Next, we detected expression of SRPK1 and SRPK2 mRNAs in Huh7 cell lines using RT-PCR. As shown in Fig. 2C, both SRPK1 and SRPK2 mRNAs were detectable in Huh7 cells. Next, we assessed the effects of SRPIN340 on replication of the HCV genotype 1b and 2a replicons. SRPIN340 was added to HCV replicon-expressing cells, Huh7/Rep-Feo-1b and Huh7/Rep-Feo-2a. After 48 h of incubation, expression levels of the HCV replicons were measured by luciferase assay. SRPIN340 suppressed HCV 1b and 2a replication in a dose-dependent manner (Fig. 3 A). The 50% effective concentrations (EC50) for the HCV 1b and 2a replicons were 4.7 μM and 15.8 μM, respectively. In contrast, SRPIN614, which did not possess SRPK inhibitory activity, did not suppress expression of the replicon even at a concentration of 100 μM. MTS-mediated cell viability assays showed no significant effects of SRPIN340 or SRPIN614 (Fig. 3B). Similarly, we assessed the effect by Western blotting. SRPIN340 suppressed cellular HCV NS5A protein expression levels in a dose-dependent manner (Fig. 3C). SRPIN340 showed no effect on EMCV-IRES-mediated protein expression (Fig. 3D). These results indicated that the SRPK inhibitor had specific suppressive effects on HCV subgenomic replication and that these effects are not due to cytotoxicity.
FIG. 3.
Effects of SRPIN340 and SRPIN614 on expression of HCV subgenomic replicons. Huh7/Rep-Feo-1b or Huh7/Rep-Feo-2a cells were cultured in the presence of SRPIN340 (no. 340) or SRPIN614 (no. 614) at the concentrations indicated. After 48 h of culture, a luciferase assay (A), a cell viability assay (B), and Western blotting (C) were performed. (A) Effect of SRPIN340 and SRPIN614 on levels of HCV replication represented by replicon-dependent internal luciferase activities. Bars indicate luciferase activities relative to that of the drug-negative control. (B) Effect of SRPIN340 and SRPIN614 on cell viability. MTS assays were performed after culture in the presence of the drugs indicated. Bars indicate values relative to that of the drug-negative control. Asterisks indicate P values of less than 0.05. (C) Western blotting analyses. The expression levels of NS5A and beta-actin were detected by using anti-NS5A and anti-beta-actin antibodies. Densitometry of NS5A protein was performed, and results are indicated as percentages of the drug-negative control. The assay was repeated three times, and a representative result is shown. (D) Effect of SRPIN340 on EMCV-IRES-driven protein expression. Plasmid pECMV/IRES-Rluc was transfected into Huh7 cells. Twenty-four hours after transfection, the cells were incubated in indicated concentrations of SRPIN340. The renilla luciferase assay was performed at 48 h after incubation. In panels A, B, and D, assays were done in quadruplicate, and error bars indicate standard deviations.

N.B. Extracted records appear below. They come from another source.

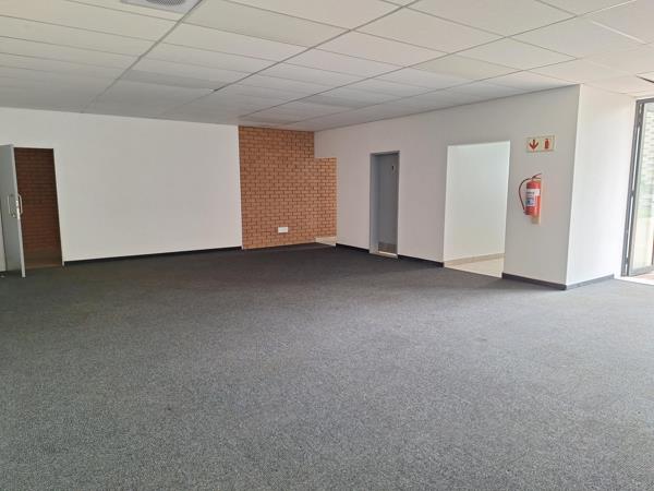 Upon entry, you are welcomed by a neat open-plan reception area, well-configured office space, a separate kitchen, and ablution facilities, making this unit both functional and professional.
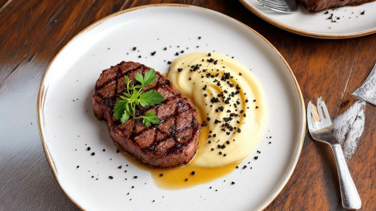 Antricot de vită Uruguay cu piure de cartofi și trufe, în sos de piper tostat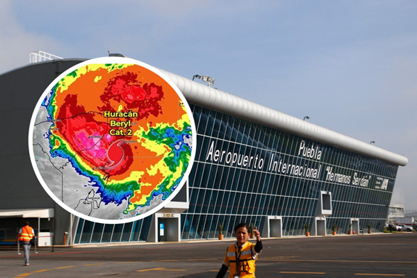 Debido a la llegada del huracán Beryl a Tulum, en la península de Yucatán, el Aeropuerto Hermanos Serdán de Puebla canceló los vuelos programados para este viernes 5 de julio con destino a Cancún.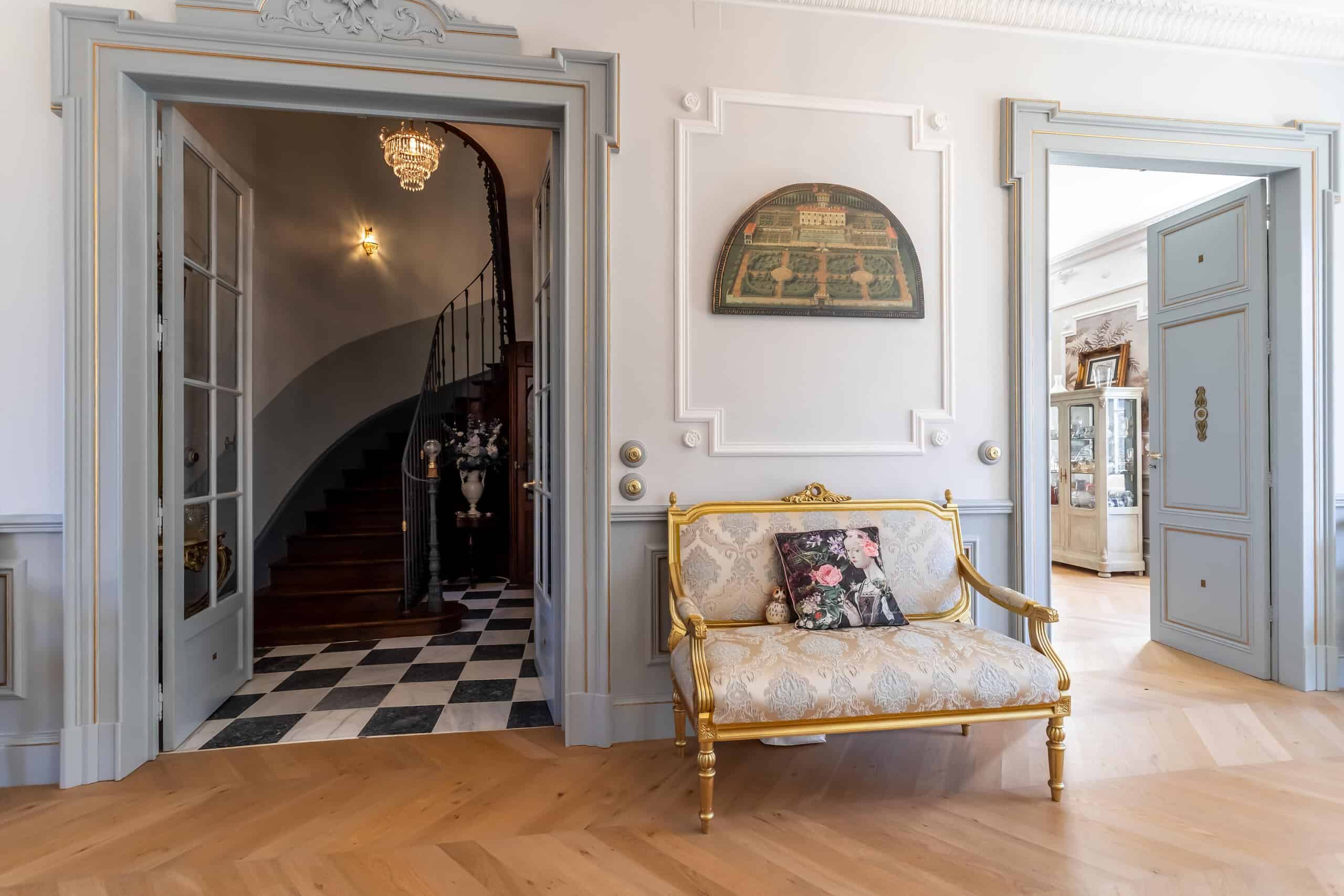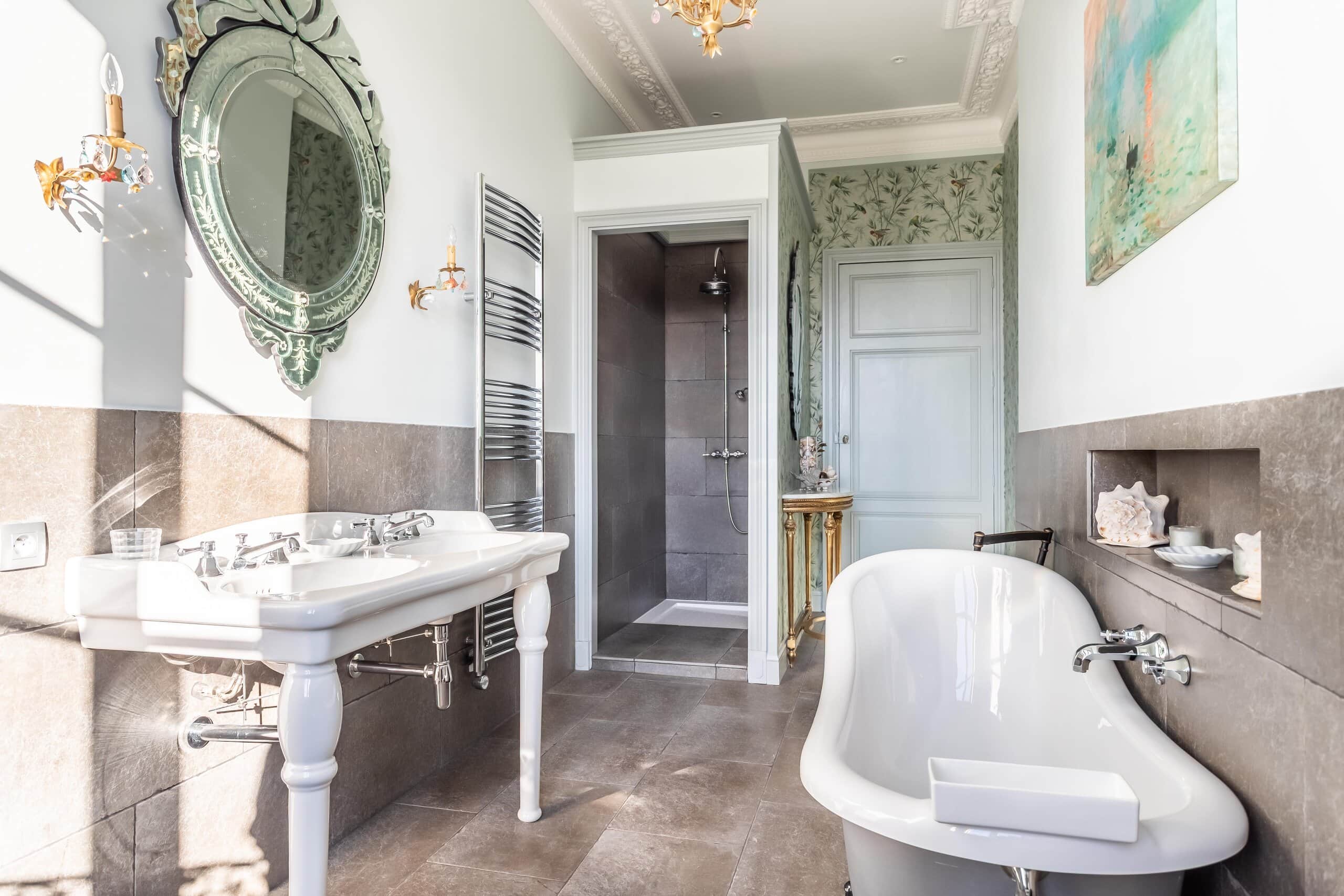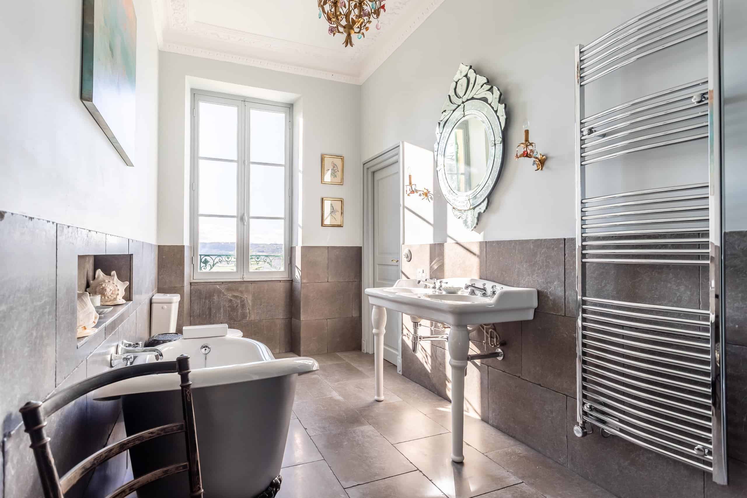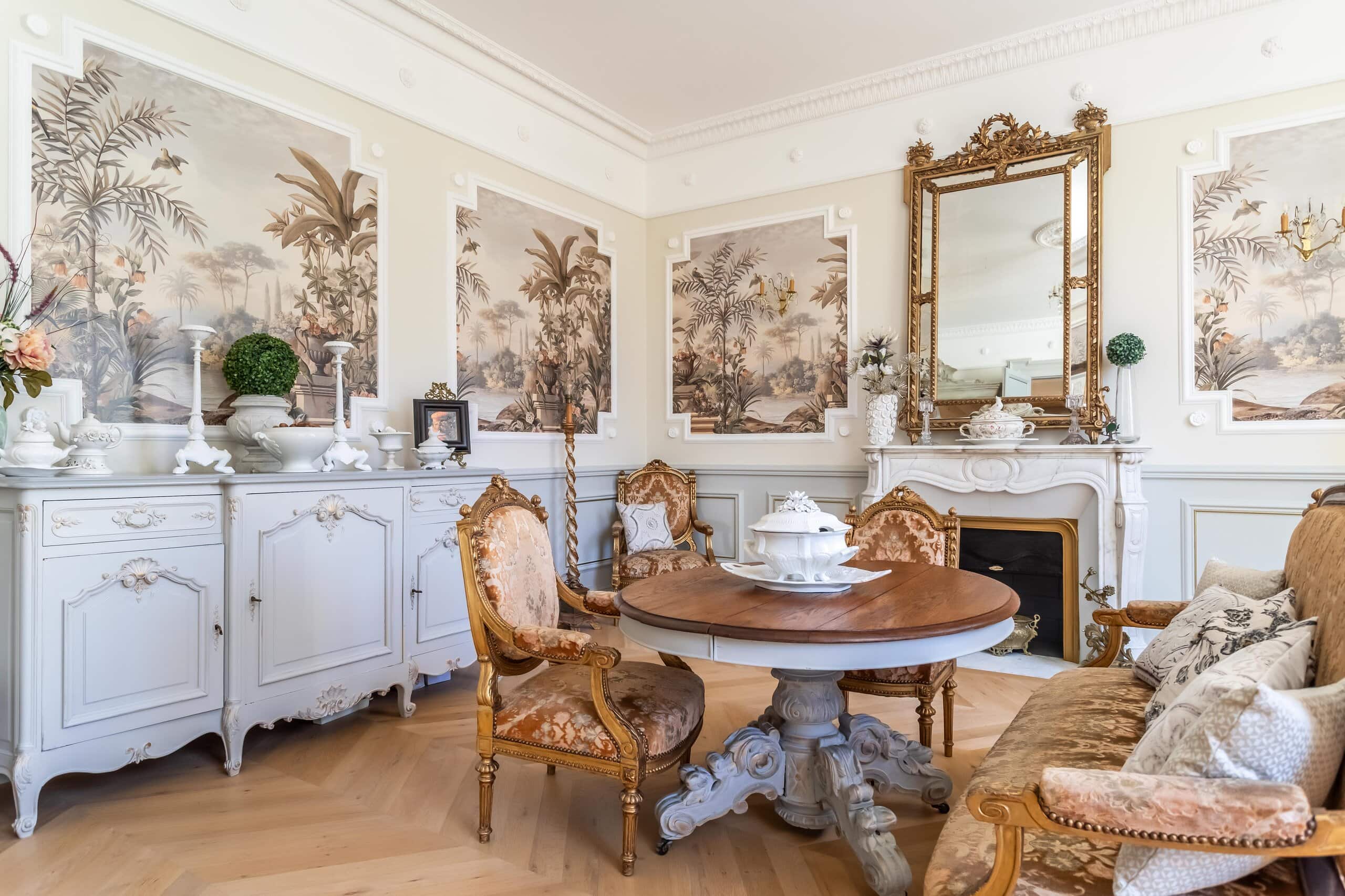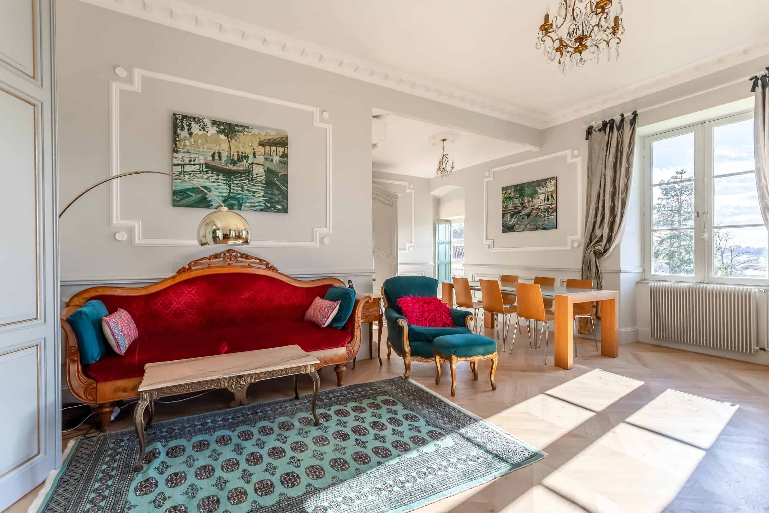 Accessed via either a gated entrance or a second private driveway, the Manor House sits proudly at the end of the drive. Grand yet surprisingly comfortable, it offers a magnificent full-length hallway, three principal reception rooms and a rear balcony capturing spectacular views. Period features abound: exquisite plaster cornicing, marble fireplaces, herringbone flooring, original doors and a truly elegant staircase. The stylish modern kitchen—complete with stone flooring and worktops and a gas range cooker—strikes the perfect balance between contemporary practicality and classical charm. Six beautifully designed bedrooms follow, each decorated with flair and confidence, featuring imaginative wallpapers and colour palettes that clearly reflect a professional touch. Luxurious marble-lined bathrooms complete the picture, alongside pompe à chaleur heating and air conditioning in select rooms. Frankly, the photographs do most of the talking.

SRPIN340 suppresses HCV-JFH1 in cell culture.
Next, we assessed the effects of the SRPK inhibitor on HCV-JFH1 in cell culture. Various concentrations of SRPIN340 were added to HCV-JFH1-infected Huh7 cells, and core antigen was quantified in the medium after 48 h of incubation. As shown in Fig. 4 A, SRPIN340 significantly suppressed HCV core antigen secretion in a dose-dependent manner. An MTS-based cell viability assay did not show significant cytotoxicity from these inhibitors (Fig. 4B). In Western blotting, SRPIN340 suppressed expression of intracellular core protein by HCV-JFH1-infected cells in a dose-dependent manner; incubation with 30 μM SRPIN340 suppressed core protein expression by 54% of the drug-negative control, while SRPIN614 did not suppress core protein expression substantially (Fig. 4C). The effects of SRPIN340 on cellular HCV RNA were confirmed by real-time RT-PCR analyses (Fig. 4D). Similarly, in immunofluorescence microscopy, treatment with SRPIN340 resulted in a dose-dependent decrease in the number of HCV core-positive cells, but no effect was detected following treatment with SRPIN614 (Fig. 4E). These data indicate that SRPK inhibitors have antiviral effects on HCV infection and replication in vitro.
FIG. 4.
Effect of SRPIN340 and SRPIN614 on HCV-JFH1 virus replication. HCV-JFH1-stably infected Huh7 cells of ∼14 days were cultured in the presence of SRPIN340 or SRPIN614 at the concentrations indicated. After 48 h, cellular and supernatant HCV core antigens were detected. (A) HCV core antigen assays of culture supernatant (sup). Bars indicate values relative to that of the drug-negative control. Asterisks indicate P values of less than 0.05. (B) Effect of SRPIN340 and SRPIN614 on cell viability. MTS assays were performed 48 h after culture in the presence of the drugs indicated. Bars indicate values relative to that of the drug-negative control. (C) Western blotting analyses. The expression of HCV core and beta-actin was detected using anti-core and anti-beta-actin antibodies. Densitometry of HCV core protein was performed, and results are indicated as percentages of the drug-negative control. (D) Real-time RT-PCR analyses. Cells were harvested at 48 h after SRPIN340 treatment. (E) Immunofluorescence microscopy. Naïve Huh7.5.1 cells were infected with HCV-JFH1 culture supernatant at a multiplicity of infection of 0.1. Three days after infection, SRPK340 or SRPIN614 was added. After 48 h, cells were incubated with anti-core antibodies followed by Alexa Fluor-conjugated secondary antibody (green). Nuclei were stained with DAPI (blue). The percentages of HCV core-positive cells were calculated and are indicated on the right of each view. The assay was repeated three times, and a representative result is shown. Neg. cont., negative control. In panels A, B, and D, assays were done in triplicate, and error bars indicate standard deviations.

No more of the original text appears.